Recent data suggest that the RLK-SYMREM1 interaction is mainly mediated by the conserved C-terminal domain. However, results from FLIM-FRET and in vitro kinase assay experiments clearly indicate that the intrinsically disordered N-terminal region contributes to this interaction and can be phosphorylated by the kinase domains (Tóth et al., 2012).

Interestingly, the second member of this subgroup (SYMREM2), has been shown to be induced during the formation of arbuscular mycorrhiza in Lotus japonicus (Kistner et al., 2005). This symbiotic interaction, that can be found on about 80% of all land plants, is especially interesting since only few signalling components of this fungal-plant interaction have been described so far (reviewed in Parniske, 2008).
We are currently functionally characterising this protein and screen for interacting partners.

 

Literature cited:

Tóth K*, Stratil TF*, Madsen EB, Ye J, Popp C, Antolín-Llovera M, Grossmann C, Jensen ON, Schüssler A, Parniske M, and Ott T (2012); Functional domain analysis of the Remorin protein LjSYMREM1 in Lotus japonicus. PLoS ONE, 7(1): e30817

Lefebvre B, Timmers T, Mbengue M, Moreau S, Hervé C, Tóth K, Bittencourt-Silvestre J, Klaus D, Deslandes L, Godiard L, Murray JD, Udvardi MK, Raffaele S, Mongrand S, Cullimore J, Gamas P, Niebel A, and Ott T (2010); “A remorin protein interacts with symbiotic receptors and regulates bacterial infection”; Proc Nat Acad Sci U S A, 107: 2343-2348

Parniske M (2008); Arbuscular mycorrhiza: the mother of plant root endosymbioses. Nat Rev Microbiol, 2008 Oct;6(10):763-75.
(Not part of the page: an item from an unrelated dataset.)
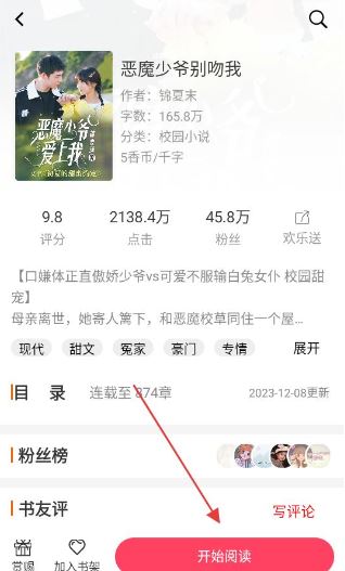 3、選中想讀的小說,進入詳情頁,查看評分、點擊量等信息后,點擊開始閱讀,沉浸式體驗小說內(nèi)容。

Raffaele S, Mongrand S, Gamas P, Niebel A, Ott T (2007); Genome-wide annotation of remorins, a plant-specific protein family: evolutionary and functional perspectives. Plant Phys, 145: 593-600

Kistner C, Winzer T, Pitzschke A, Mulder L, Sato S, Kaneko T, Tabata, S Sandal N, Stougaard J, Webb KJ, Szczyglowski K, and Parniske M (2005).Seven Lotus japonicus Genes Required for Transcriptional Reprogramming of the Root during Fungal and Bacterial Symbiosis. The Plant Cell, 17:2217-2229.